(Photo courtesy of IslamicReliefUSA at Flickr)

Last weekend, I lamented that the Western media wasn’t reporting the expected fraud activity in the wake of the China earthquake and the Burma (Myanmar) cyclone.

Most of the scam activity, associated with the earthquake, was being reported out of China.

Having been extremely busy in my day job, I didn’t get the chance to follow-up and see if this trend would continue. It did not and as expected, inboxes are being targeted with come-ons designed to take away from those, who would really benefit from our charitable impulses.

As expected, we are now seeing fraudsters, using their favorite technique (spam) to trick people out of their hard-earned money and (possibly) their personal and financial details.

The reason, I mention personal and financial details being stolen (identity theft) is because malware is being dropped on systems when unsuspecting people click on a link regarding a plea for financial assistance. Sadly, this more technical means of stealing information is becoming more and more commonplace. Not very intelligent criminals (my opinion) can easily buy all the software necessary to do it — which sometimes comes with technical support — right over the Internet.

Of course, identity theft, might not be the only intent in dropping the malware. Frequently, the intent is to take over your system and turn it into a member of a botnet so it can be used as a spam spewing zombie.
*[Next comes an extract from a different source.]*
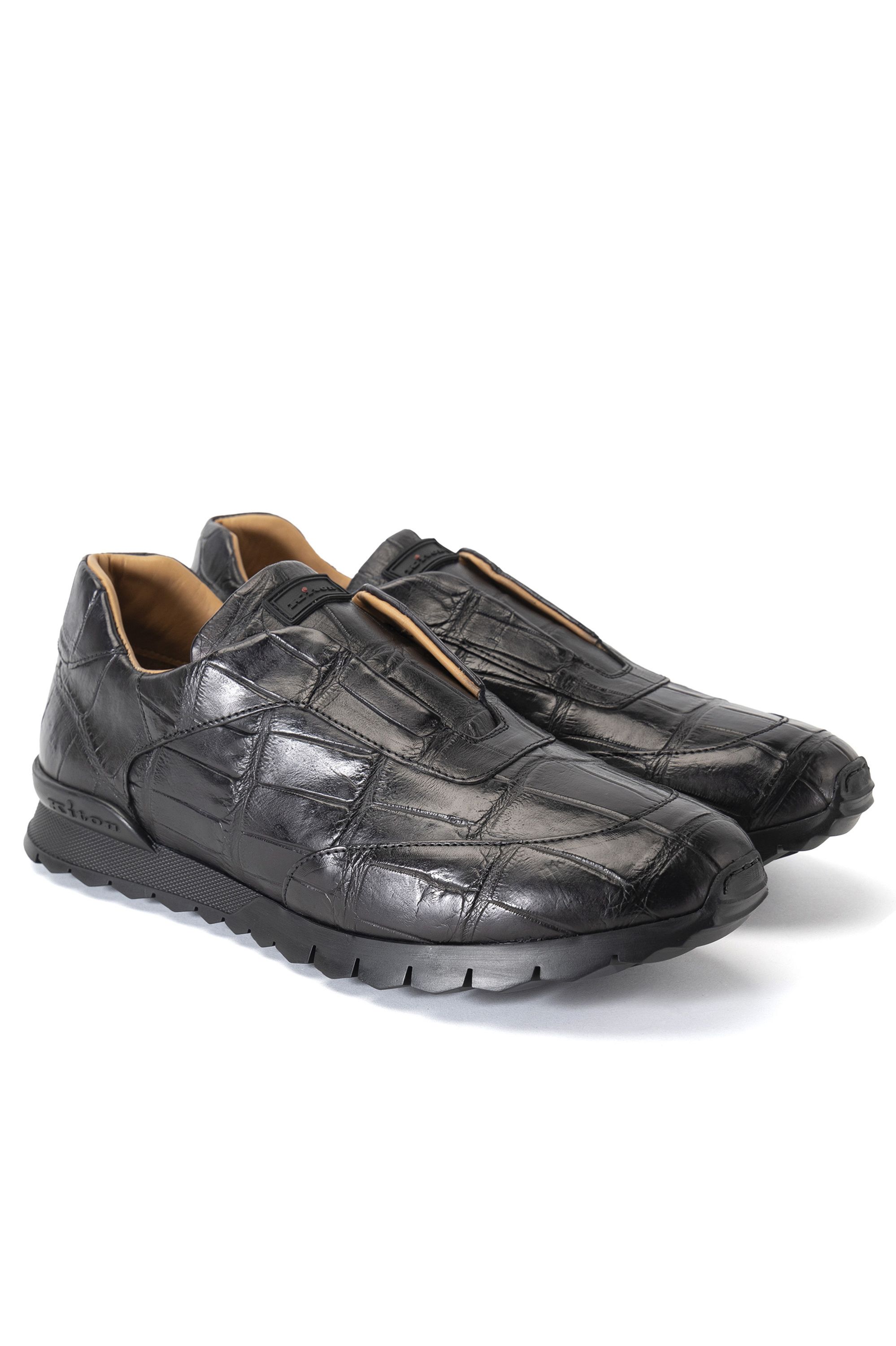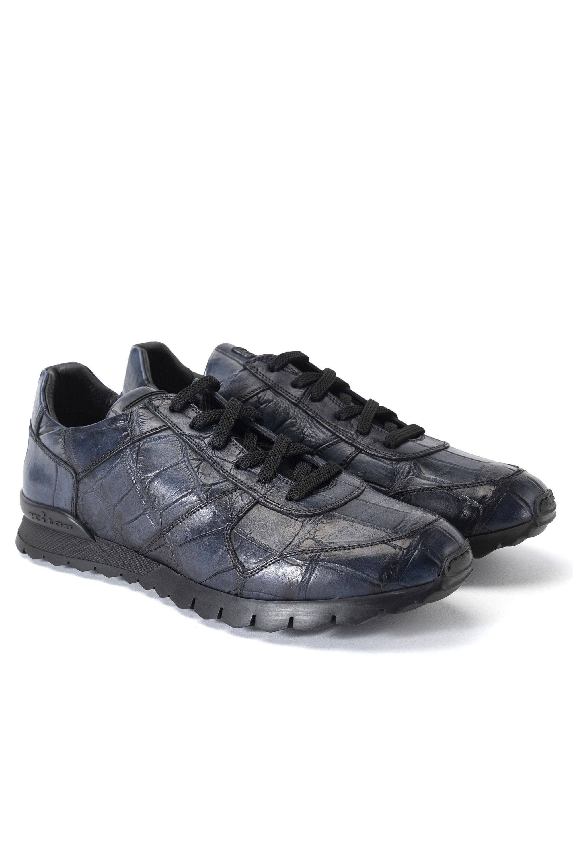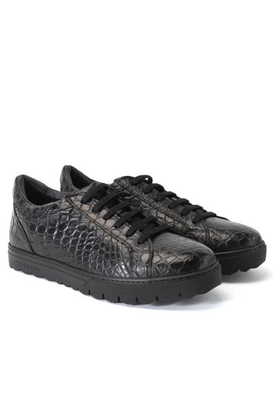 Кроссовки сшили из прочной крокодиловой кожи с уникальным природным рисунком. Модель со шнуровкой дополнена широкой резиновой подошвой с тисненым фирменным логотипом. Такая пара отлично впишется в непринужденные образы в спортивном стиле.

Most of the time, the owner isn’t aware their computer (zombie) is being used to flood cyberspace with spam e-mails.

Internet security firms are reporting suspicious e-mails asking for help and marketable domain names are fetching premium prices.
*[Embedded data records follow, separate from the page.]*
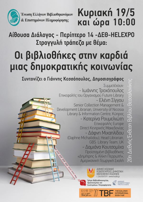 Στο πλαίσιο της 20ης Διεθνούς Έκθεσης Βιβλίου Θεσσαλονίκης, η Κοβεντάρειος Δημοτική Βιβλιοθήκη Κοζάνης σας προσκαλεί στην Στρογγυλή Τράπεζα με θέμα: «Οι βιβλιοθήκες στην καρδιά μιας δημοκρατικής κοινωνίας», την Κυριακή 19 Μαΐου 2024 και ώρα 10:00, στην Αίθουσα Διάλογος – Περίπτερο 14 – ΔΕΘ – HELEXPO.
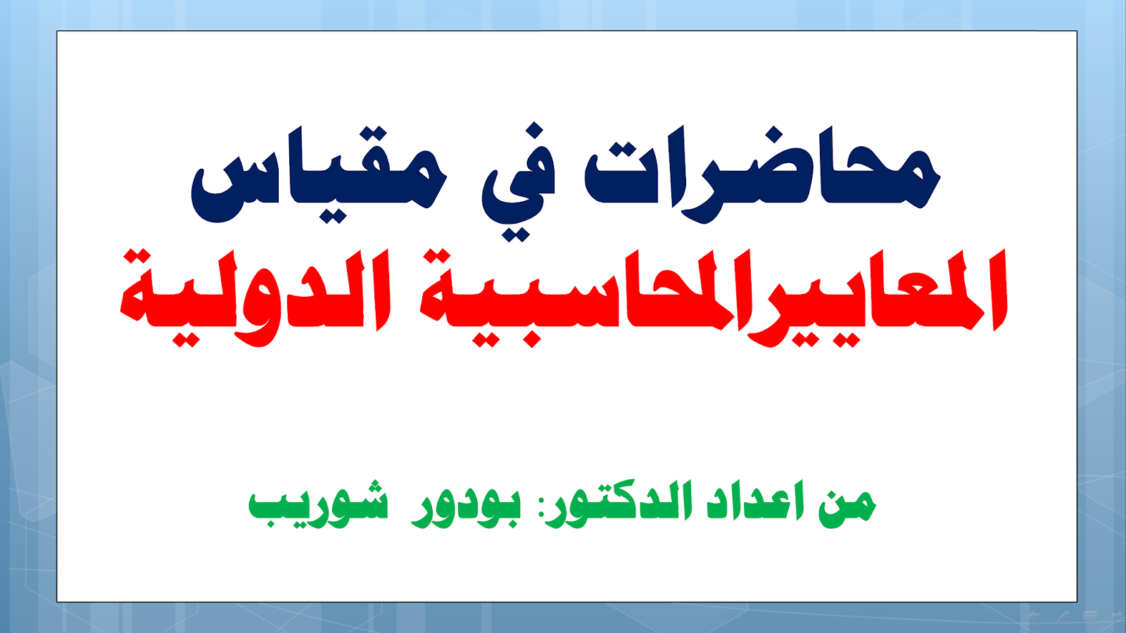 محاضرات في مقياس المعاييرالمحاسبية الدولية من اعداد الدكتور بودور شوريب
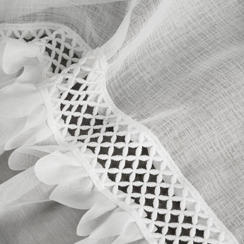 Firana LUISA z szyfonu zdobiona falbanami po bokach tkaniny w zestawie ozdobny troczek
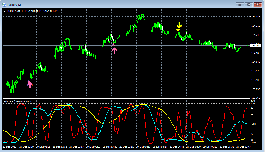 【RCIを極めて勝つ!!】本日のユーロ円 1分足 mBDSRのサイン
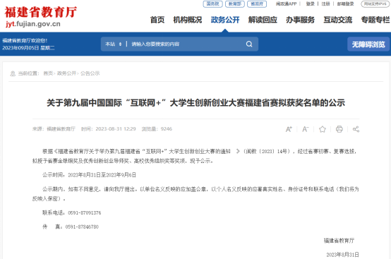 第九屆福建省“互聯(lián)網(wǎng)+”大學生創(chuàng)新創(chuàng)業(yè)大賽由福建省教育廳、福建省委統(tǒng)戰(zhàn)部、福建省委網(wǎng)信辦、福建省發(fā)改委、福建省工信廳、福建省人社廳、福建省農(nóng)業(yè)農(nóng)村廳、福建省市場監(jiān)管局(福建省知識產(chǎn)權(quán)局)、共青團福建省委、福建省科協(xié)、福建省中華職教社等部門共同主辦,福州大學、黎明職業(yè)大學分別承辦,福建教育電視臺、福建省創(chuàng)新創(chuàng)業(yè)創(chuàng)造教育指導委員會等單位參與協(xié)辦。據(jù)悉,本屆大賽共吸引了全省247所學校的85萬名師生,近22.3萬個項目報名參賽,參賽人數(shù)、項目數(shù)均創(chuàng)歷史新高。

Sophos went on record that they had detected malicious software attached to some of these spam mails. McAfee also reported malware attached to electronic documents referencing the earthquake. The FBI issued an alert on this subject, also.
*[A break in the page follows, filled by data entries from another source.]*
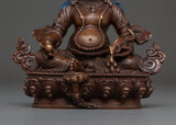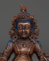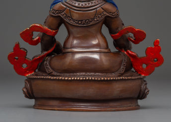 The Handmade Statue of Wealth Lord Dzambhala stands at 5.5” (14 cm) in height with a 4.7” (12 cm) base, weighing 0.722 kg. Expertly crafted from an oxidized copper body and detailed with acrylic paintings, it captures the powerful presence of the deity associated with wealth and abundance. The statue features delicate detailing and traditional iconography, making it a meaningful addition to personal altars, meditation spaces, or spiritual collections focused on prosperity and good fortune.
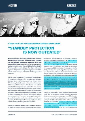 RTL Germany Media Group’s production, broadcast and IT company CBC has switched from ad hoc protection to the permanent DDoS protection of Link11. The on-premise networks now only receive filtered B2B traffic from Link11. This means there are no delays when it comes to averting risks. The potential danger of being exposed to DDoS attacks is still assessed as “real” by the Cologne-based company.
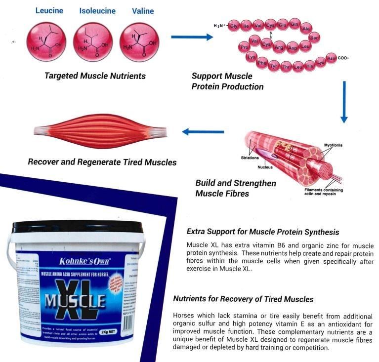 Although consistent and targeted work is essential for full top-line development, the concentrated, superior nutrients in Muscle XL® work quickly to build and strengthen lean muscle plus optimise the recovery process after exercise.
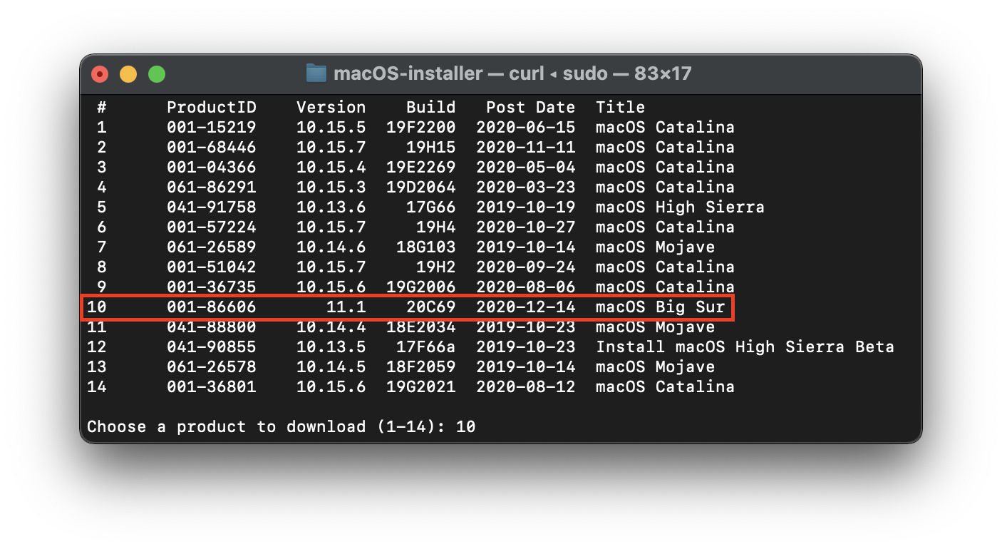 Как вы видите, мы получаем большой список установщиков macOS. Если вам нужна определенная версия macOS, вы можете выбрать её, набрав её номер. Для этого примера, мы выберим 10:

As a discaimer, at first sight, it can be hard to determine if a request for a donation is legitimate or not. Charity is a often practiced social-engineering ploy used by fraudsters and associated internet ghouls to steal money.

Besides using the Internet, charity fraudsters also use the telephone, snail mail, or even go door to door. Text messaging is another tool being used to commit charity fraud, also. This surfaced in the activity reported in China last week.

The best thing to do — before handing over your hard earned money for an honorable cause — is to make sure the entity receiving it is legitimate. Taking the time to check things out will help ensure the money goes where it is supposed to.

It might also be wise to give directly to an organization. Besides fraudsters, a lot of telemarketing types sell their services to charities and take a cut of the action. Simply stated, this means that less money will reach the people you are trying to help.

Listed below are some places, where you can cut out the middle-man, or avoid handing over your money to a scam artist. Please note, these organizations, might or might not be involved in the current earthquake and cyclone efforts. Current events often dictate the disaster come-on currently being used by fraudsters.

The United Way, http://national.unitedway.org/, 800 272-4630.

American Red Cross, http://www.redcross.org/, 800-HELP-NOW

Salvation Army, http://www.salvationarmyusa.org/, 800-SAL-ARMY

Network for Good, http://www.networkforgood.org/.

Habitat for Humanity, http://www.habitat.org/, 800-HABITAT.

Samaritan’s Purse, http://www.samaritanspurse.org/, 800 665-2843.

Save the Children, http://www.savethechildren.org/, 800 728-3843.

Humane Society of America, http://www.hsus.org/, 888 259-5431.

Feed the Children, http://www.feedthechildren.org/, 800-525-7575.

America’s Second Harvest, http://www.secondharvest.org/, 800 771-2303.

Additionally, if you are interested in charities that do a lot of work in Asia, here is another list:

Doctors without Borders
Mobilizing to provide medical assistance, blankets, water, sleeping mats and tents.

International Federation of Red Cross and Red Crescent Societies
Dispatching teams to assess damages and the needs of victims.

International Rescue Committee
Assessing immediate needs on the ground and preparing emergency response.

Mercy Corps
On the ground providing emergency relief, including water and tents.

On the ground assessing the response effort and responding to victims.

Sending emergency staff to distribute aid and make further assessments of the damage.

In more general terms, there are some excellent sites to check out, whether a charity is legitimate or not:

Better Business Bureau Wise Giving Alliance, http://www.bbb.org/charity/.

Charity Navigator, http://www.charitywatch.org/.

American Institute for Philanthropy, http://www.guidestar.org/.

Last, but not least – I would like to provide some resources to report suspected fraud activity.

If it is cyber related, report it to the Internet Crime Complaint Center.


For more general complaints, fraud can be reported to the Federal Trade Commisssion, here.